Data entries:

————————

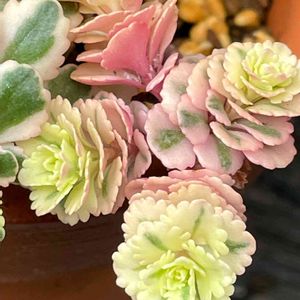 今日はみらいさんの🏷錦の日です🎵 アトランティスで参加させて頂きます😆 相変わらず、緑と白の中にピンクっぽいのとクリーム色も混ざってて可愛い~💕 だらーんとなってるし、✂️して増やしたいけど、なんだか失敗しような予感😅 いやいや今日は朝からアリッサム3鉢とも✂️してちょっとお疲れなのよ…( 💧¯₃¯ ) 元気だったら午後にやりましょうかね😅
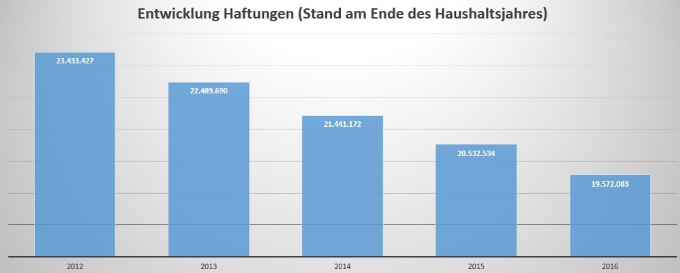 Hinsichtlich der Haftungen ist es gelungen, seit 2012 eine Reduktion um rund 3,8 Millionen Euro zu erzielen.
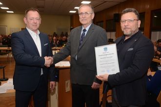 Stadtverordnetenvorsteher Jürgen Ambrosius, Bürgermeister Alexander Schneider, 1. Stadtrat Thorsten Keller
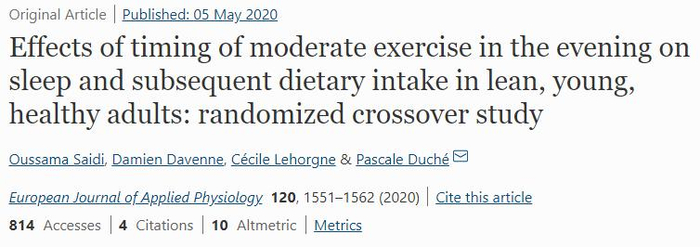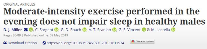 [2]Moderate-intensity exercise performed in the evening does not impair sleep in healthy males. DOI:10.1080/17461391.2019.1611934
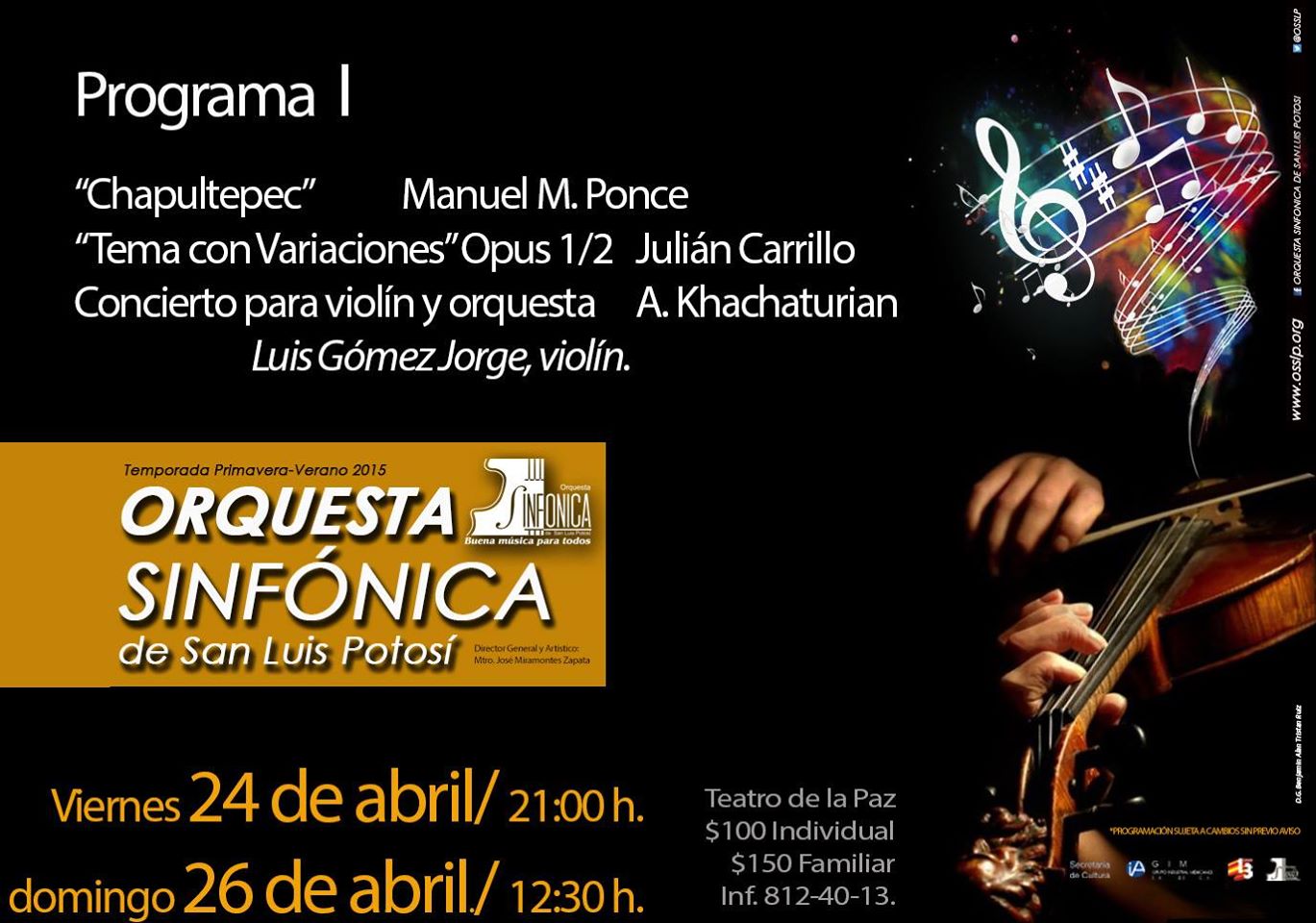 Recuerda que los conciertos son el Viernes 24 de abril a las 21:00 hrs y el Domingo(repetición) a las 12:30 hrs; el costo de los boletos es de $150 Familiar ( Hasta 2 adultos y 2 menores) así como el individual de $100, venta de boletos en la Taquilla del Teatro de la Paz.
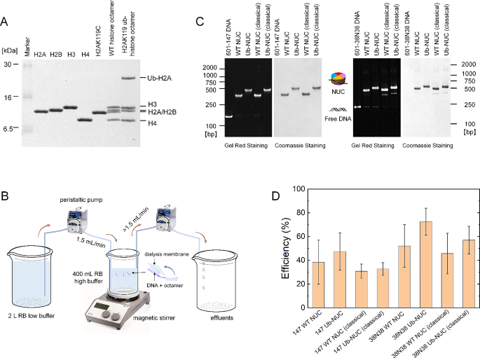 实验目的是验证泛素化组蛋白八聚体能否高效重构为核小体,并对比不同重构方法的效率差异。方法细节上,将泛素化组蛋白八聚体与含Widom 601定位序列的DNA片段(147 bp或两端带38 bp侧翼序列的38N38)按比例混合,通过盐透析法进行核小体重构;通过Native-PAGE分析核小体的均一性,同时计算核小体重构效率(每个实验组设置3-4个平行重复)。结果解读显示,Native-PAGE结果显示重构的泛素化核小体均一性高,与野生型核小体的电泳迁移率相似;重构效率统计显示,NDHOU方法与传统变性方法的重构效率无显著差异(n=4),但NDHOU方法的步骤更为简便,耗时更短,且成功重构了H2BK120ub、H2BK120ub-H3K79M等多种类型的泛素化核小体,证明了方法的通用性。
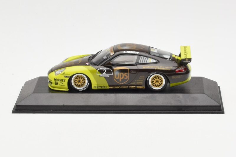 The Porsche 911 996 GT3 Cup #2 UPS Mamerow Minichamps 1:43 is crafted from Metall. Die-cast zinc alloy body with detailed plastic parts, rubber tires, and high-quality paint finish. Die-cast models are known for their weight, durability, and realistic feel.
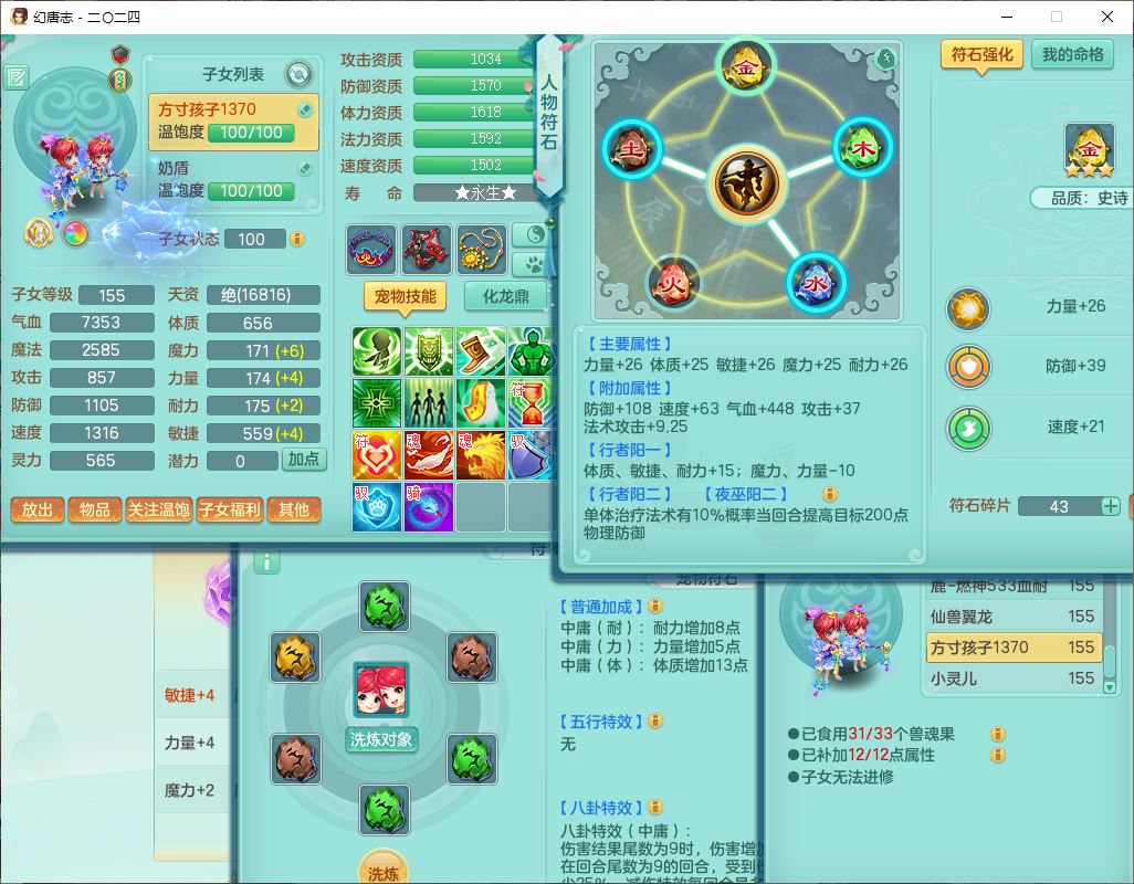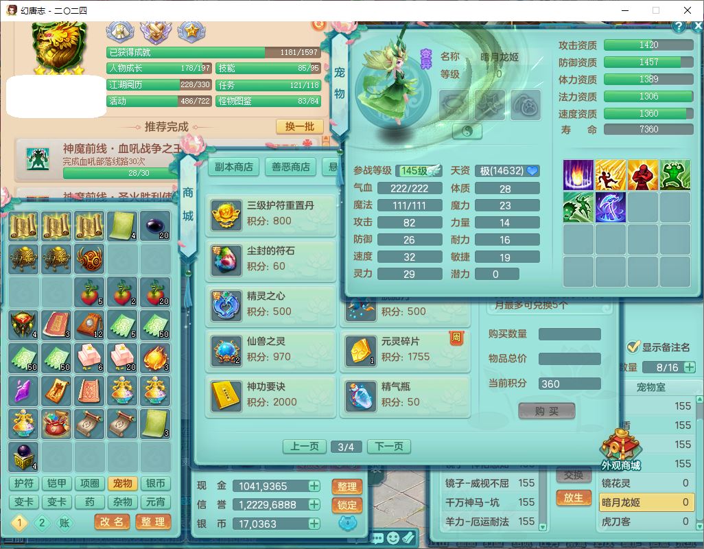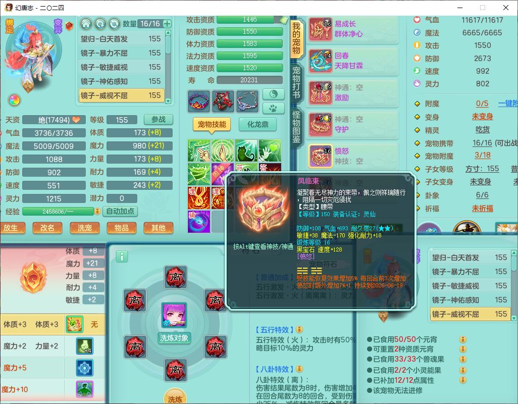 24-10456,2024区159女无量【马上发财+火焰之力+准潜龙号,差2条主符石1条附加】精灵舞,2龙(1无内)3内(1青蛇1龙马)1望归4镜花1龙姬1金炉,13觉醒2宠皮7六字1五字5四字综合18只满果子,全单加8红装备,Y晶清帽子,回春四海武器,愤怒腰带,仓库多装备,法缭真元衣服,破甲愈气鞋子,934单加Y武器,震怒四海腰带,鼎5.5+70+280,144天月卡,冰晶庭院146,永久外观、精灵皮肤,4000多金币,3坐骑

————————

PROBLEM DESCRIPTION ->
Above are some records. Output exactly the lines from the one that contains "Stadtverordnetenvorsteher Jürgen Ambrosius, Bürgermeister" to the one that contains "[2]Moderate-intensity exercise performed", keeping both, and omit the pictures.

TASK RESULT ->
 Stadtverordnetenvorsteher Jürgen Ambrosius, Bürgermeister Alexander Schneider, 1. Stadtrat Thorsten Keller
 [2]Moderate-intensity exercise performed in the evening does not impair sleep in healthy males. DOI:10.1080/17461391.2019.1611934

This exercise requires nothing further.